Material provided -
[Start of section]
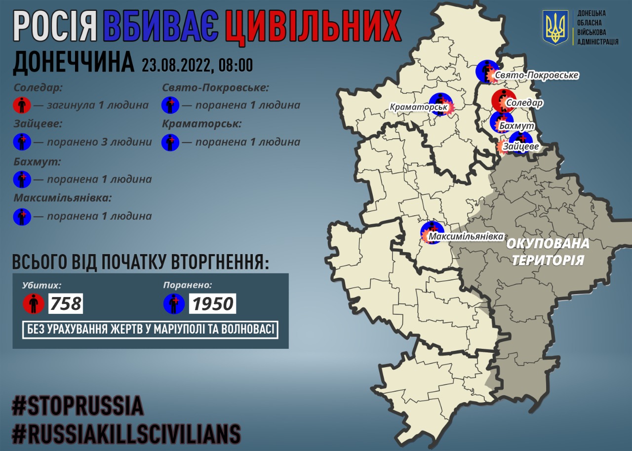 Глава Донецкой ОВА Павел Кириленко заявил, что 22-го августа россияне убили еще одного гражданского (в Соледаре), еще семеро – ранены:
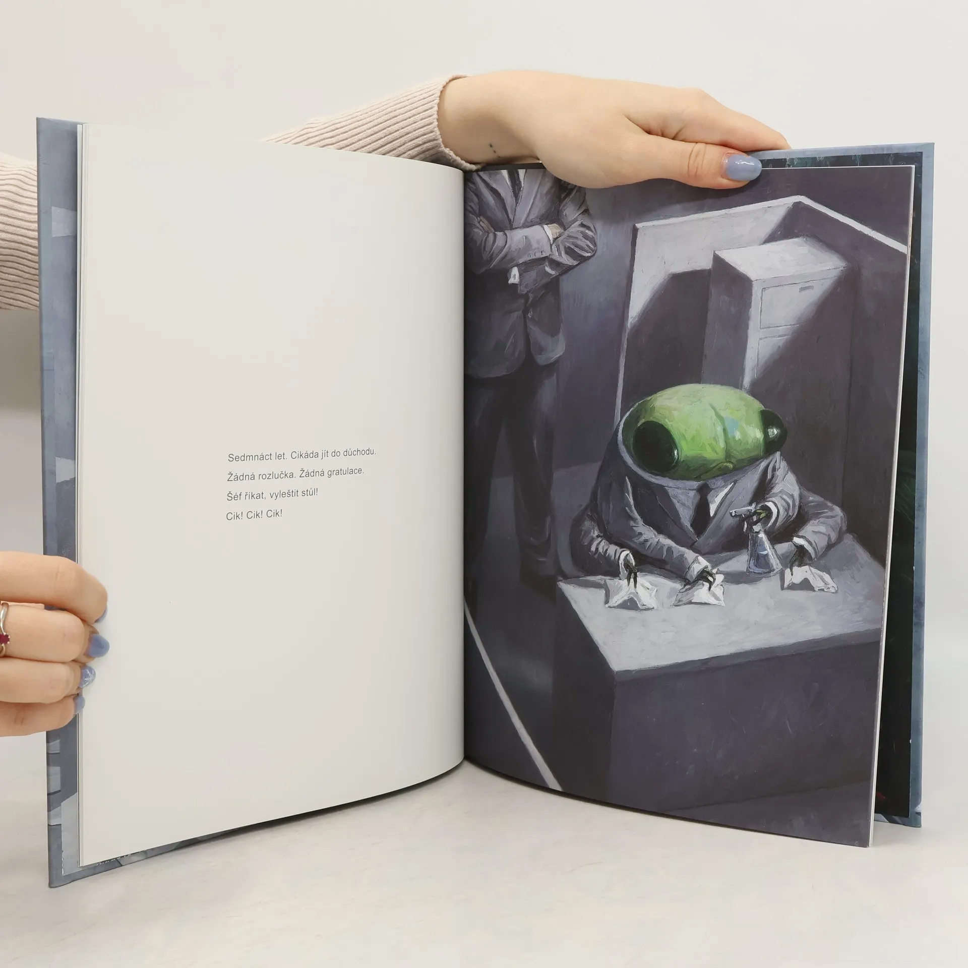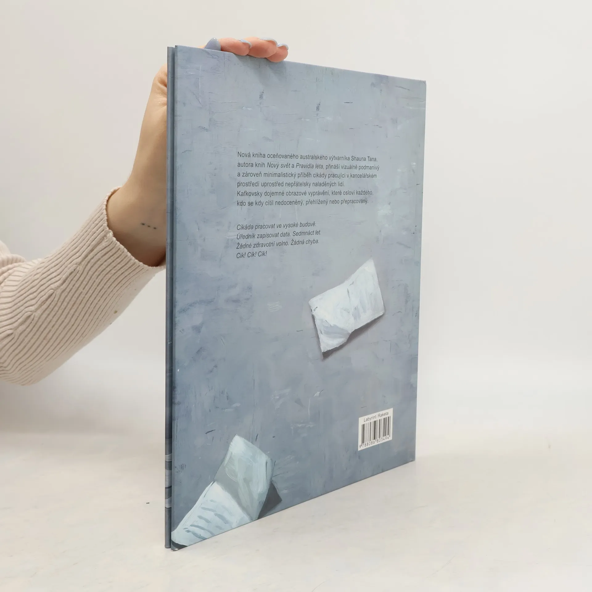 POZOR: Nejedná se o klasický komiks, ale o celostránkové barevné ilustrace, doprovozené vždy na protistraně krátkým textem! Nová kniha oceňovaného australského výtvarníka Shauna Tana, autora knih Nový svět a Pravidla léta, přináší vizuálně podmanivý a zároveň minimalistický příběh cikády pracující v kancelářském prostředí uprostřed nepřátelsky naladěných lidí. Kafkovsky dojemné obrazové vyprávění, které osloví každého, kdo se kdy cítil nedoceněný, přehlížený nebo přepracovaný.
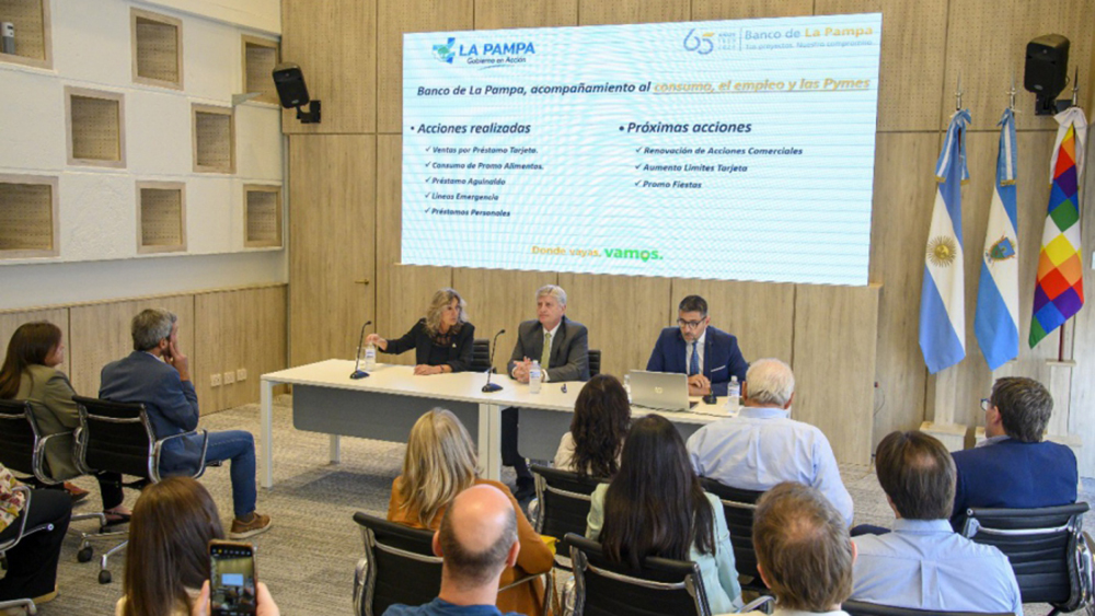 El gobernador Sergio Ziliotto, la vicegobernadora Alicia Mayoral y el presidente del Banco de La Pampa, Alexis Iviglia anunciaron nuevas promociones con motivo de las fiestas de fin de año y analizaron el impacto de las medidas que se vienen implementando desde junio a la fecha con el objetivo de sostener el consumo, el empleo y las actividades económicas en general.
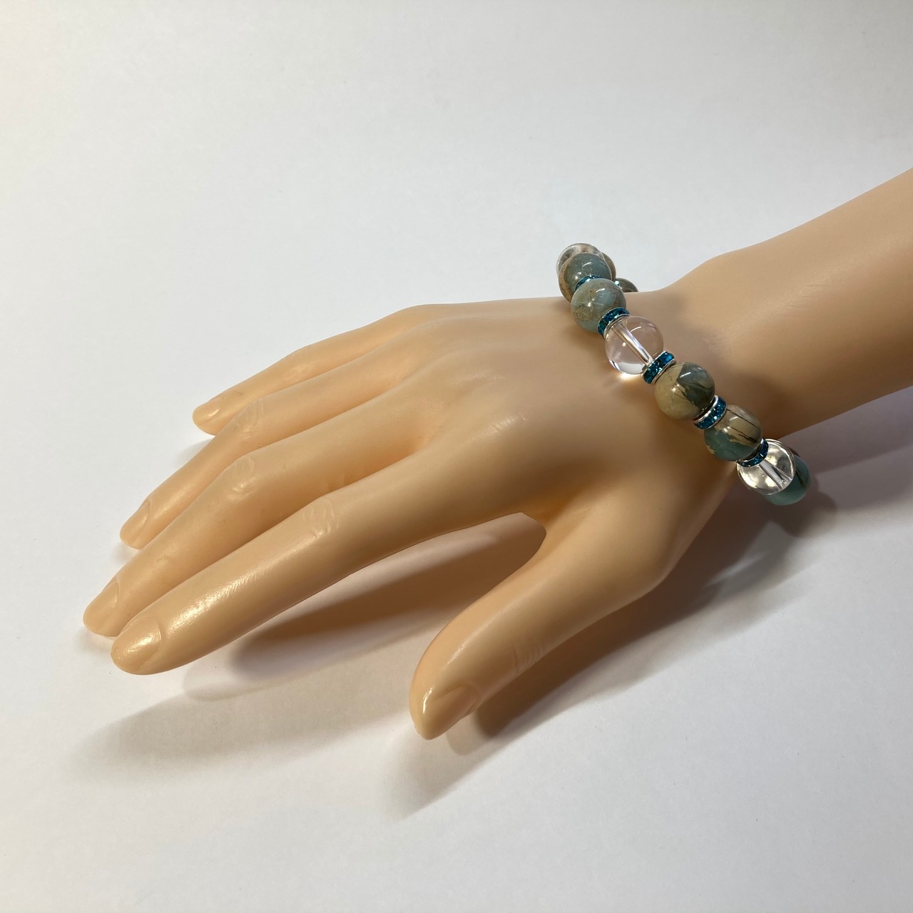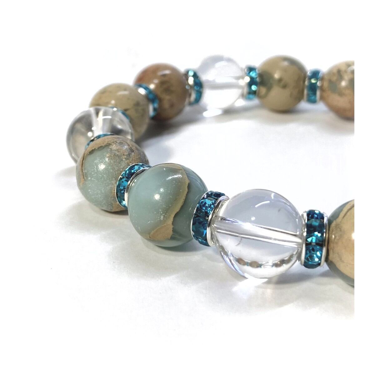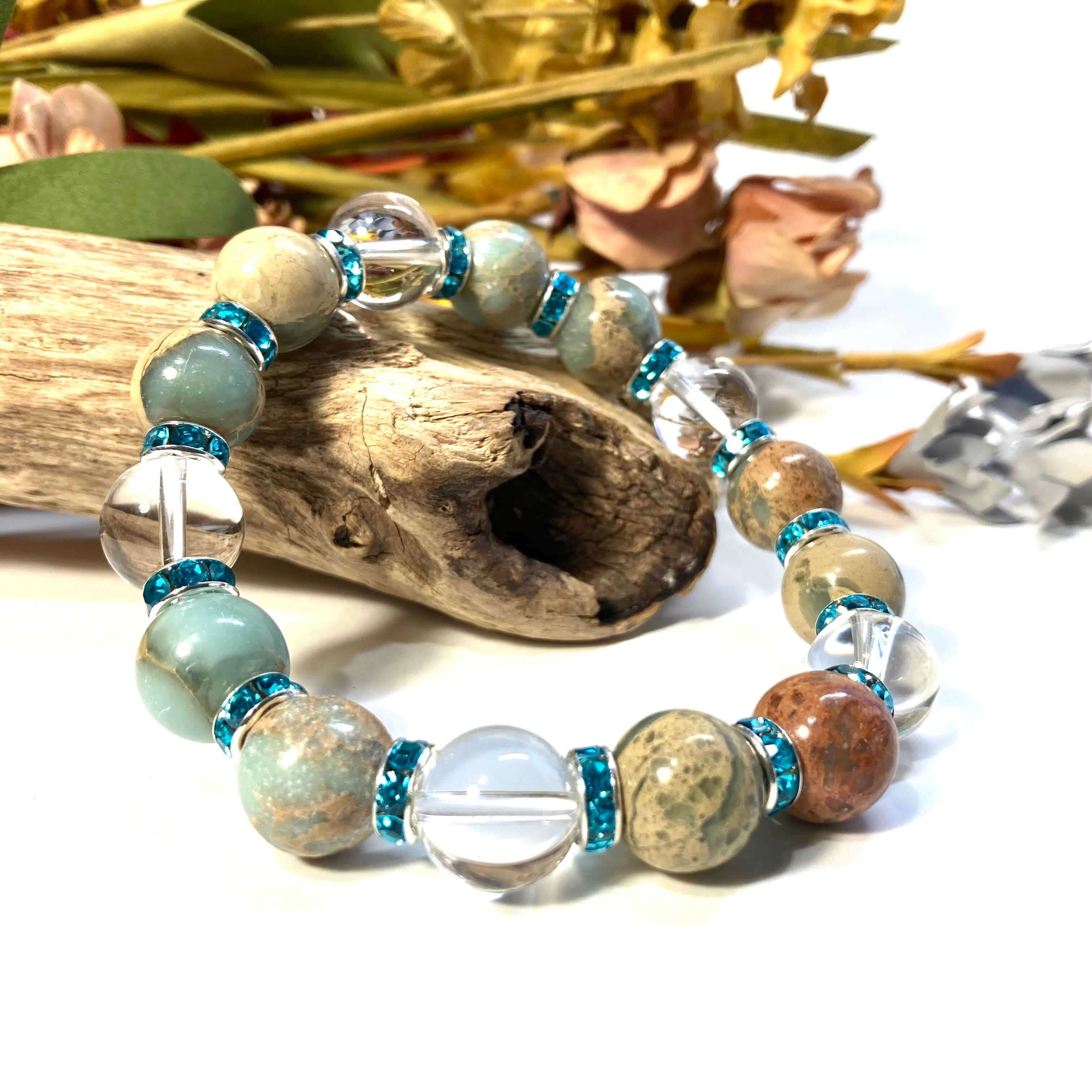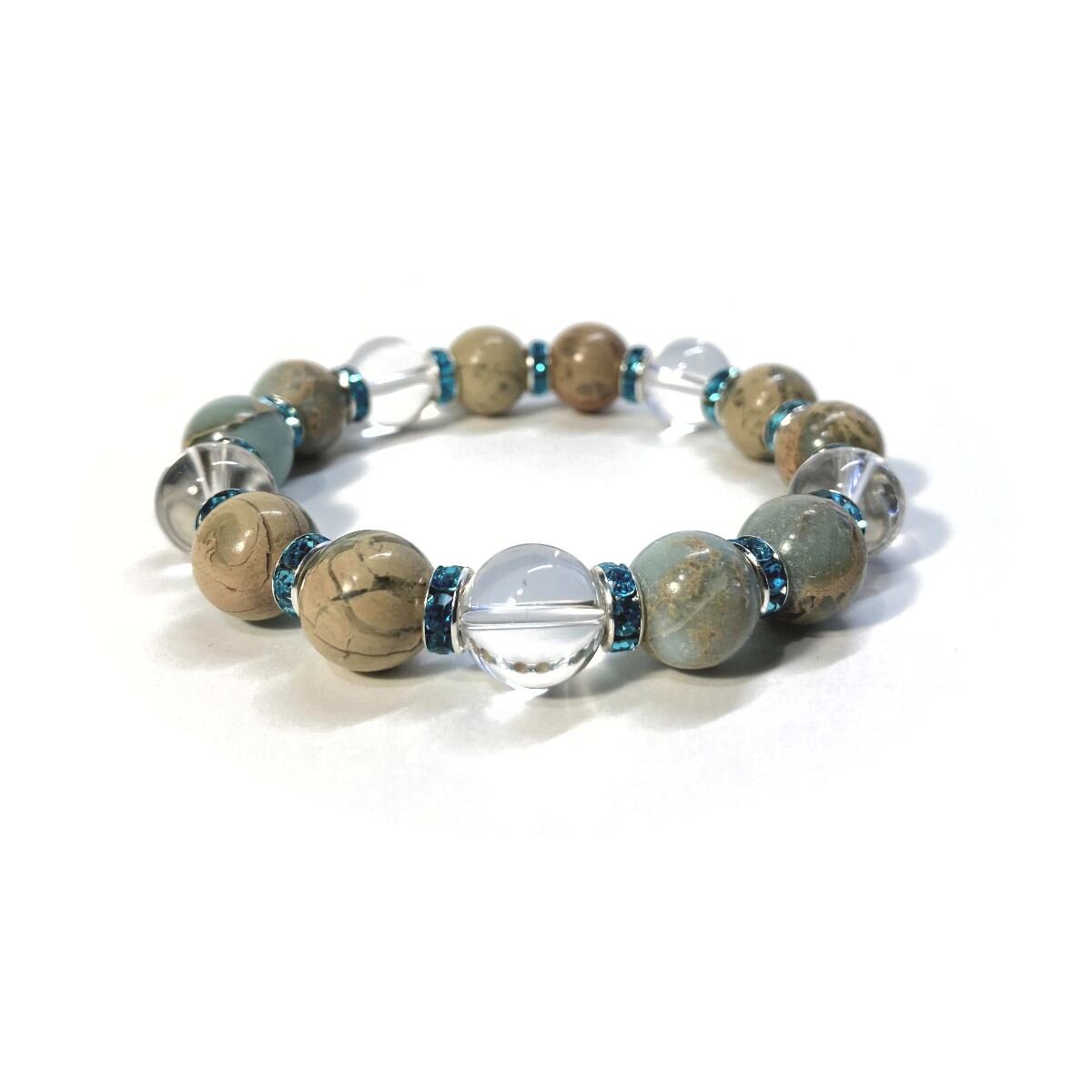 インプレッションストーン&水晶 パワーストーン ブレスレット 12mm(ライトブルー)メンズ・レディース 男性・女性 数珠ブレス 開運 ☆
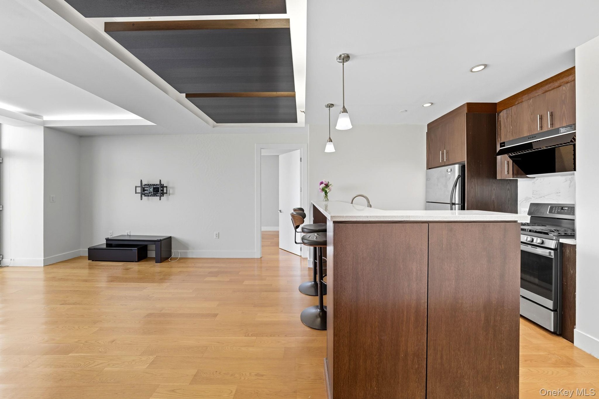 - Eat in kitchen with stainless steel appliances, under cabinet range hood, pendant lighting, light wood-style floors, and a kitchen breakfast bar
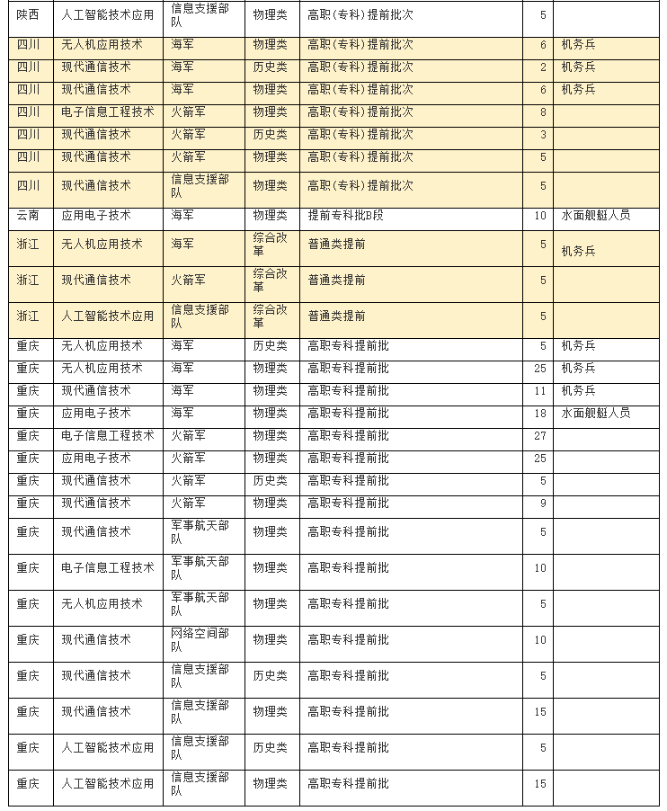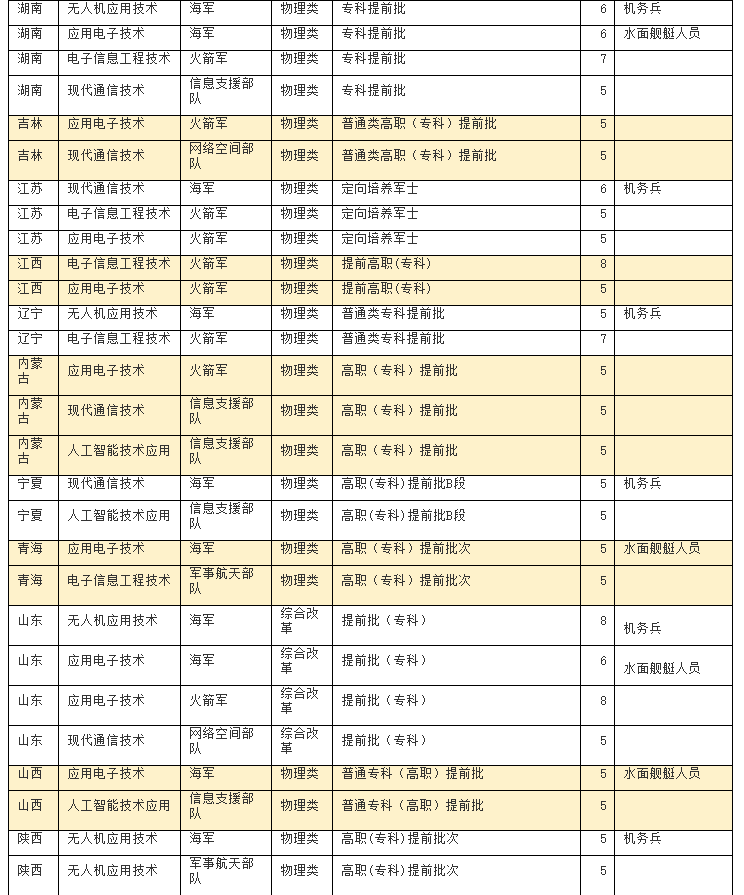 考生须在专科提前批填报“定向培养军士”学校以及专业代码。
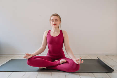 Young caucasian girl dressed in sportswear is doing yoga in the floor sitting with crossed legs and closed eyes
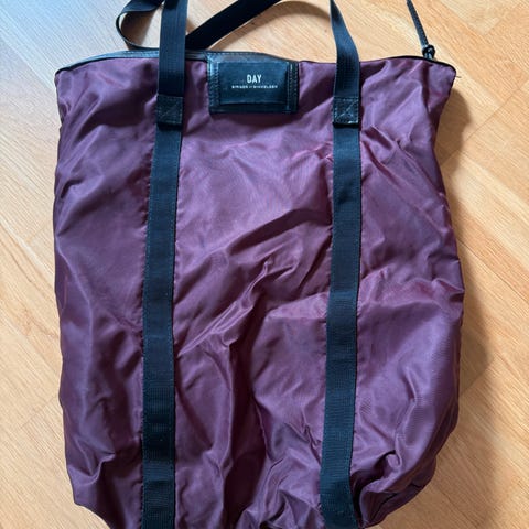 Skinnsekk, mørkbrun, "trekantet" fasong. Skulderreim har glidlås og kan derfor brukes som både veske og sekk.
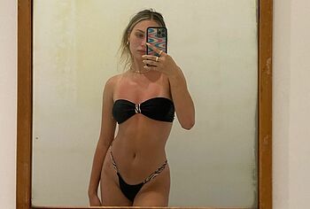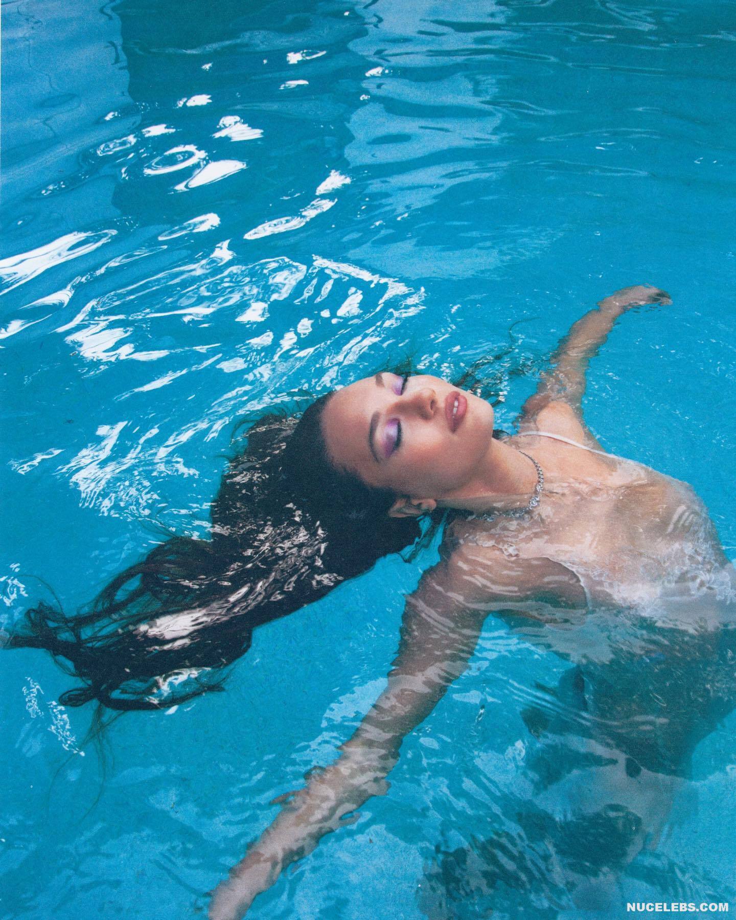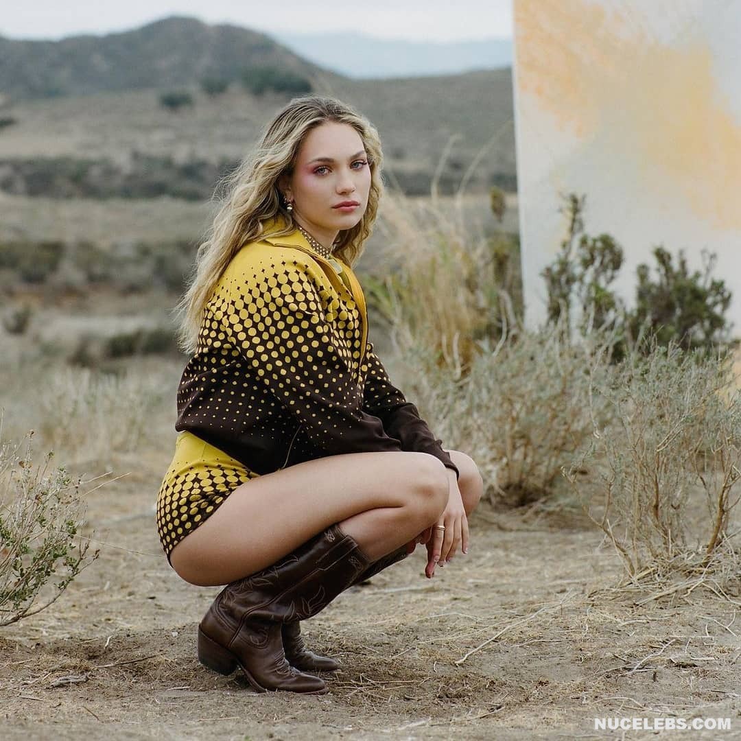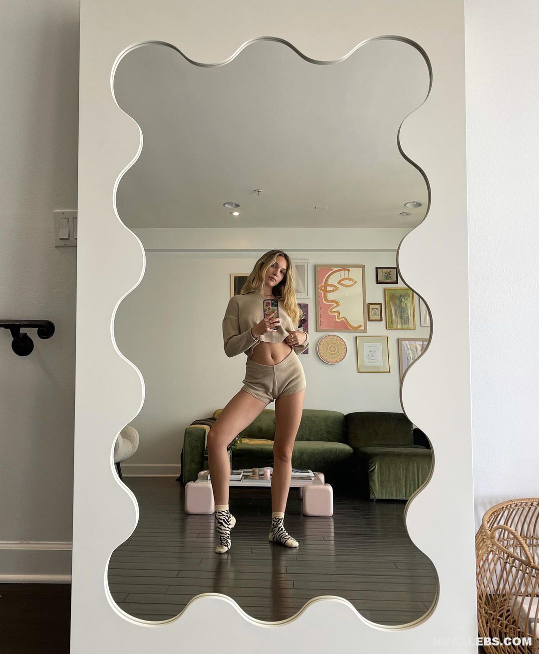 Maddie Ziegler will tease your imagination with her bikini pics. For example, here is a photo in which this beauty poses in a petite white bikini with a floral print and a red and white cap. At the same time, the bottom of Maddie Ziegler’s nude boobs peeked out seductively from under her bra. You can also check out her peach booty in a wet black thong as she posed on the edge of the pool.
[End of section]
Problem statement -
Reproduce the whole of the data, word for word, and omit its pictures.

Your solution -
 Глава Донецкой ОВА Павел Кириленко заявил, что 22-го августа россияне убили еще одного гражданского (в Соледаре), еще семеро – ранены:
 POZOR: Nejedná se o klasický komiks, ale o celostránkové barevné ilustrace, doprovozené vždy na protistraně krátkým textem! Nová kniha oceňovaného australského výtvarníka Shauna Tana, autora knih Nový svět a Pravidla léta, přináší vizuálně podmanivý a zároveň minimalistický příběh cikády pracující v kancelářském prostředí uprostřed nepřátelsky naladěných lidí. Kafkovsky dojemné obrazové vyprávění, které osloví každého, kdo se kdy cítil nedoceněný, přehlížený nebo přepracovaný.
 El gobernador Sergio Ziliotto, la vicegobernadora Alicia Mayoral y el presidente del Banco de La Pampa, Alexis Iviglia anunciaron nuevas promociones con motivo de las fiestas de fin de año y analizaron el impacto de las medidas que se vienen implementando desde junio a la fecha con el objetivo de sostener el consumo, el empleo y las actividades económicas en general.
 インプレッションストーン&水晶 パワーストーン ブレスレット 12mm(ライトブルー)メンズ・レディース 男性・女性 数珠ブレス 開運 ☆
 - Eat in kitchen with stainless steel appliances, under cabinet range hood, pendant lighting, light wood-style floors, and a kitchen breakfast bar
 考生须在专科提前批填报“定向培养军士”学校以及专业代码。
 Young caucasian girl dressed in sportswear is doing yoga in the floor sitting with crossed legs and closed eyes
 Skinnsekk, mørkbrun, "trekantet" fasong. Skulderreim har glidlås og kan derfor brukes som både veske og sekk.
 Maddie Ziegler will tease your imagination with her bikini pics. For example, here is a photo in which this beauty poses in a petite white bikini with a floral print and a red and white cap. At the same time, the bottom of Maddie Ziegler’s nude boobs peeked out seductively from under her bra. You can also check out her peach booty in a wet black thong as she posed on the edge of the pool.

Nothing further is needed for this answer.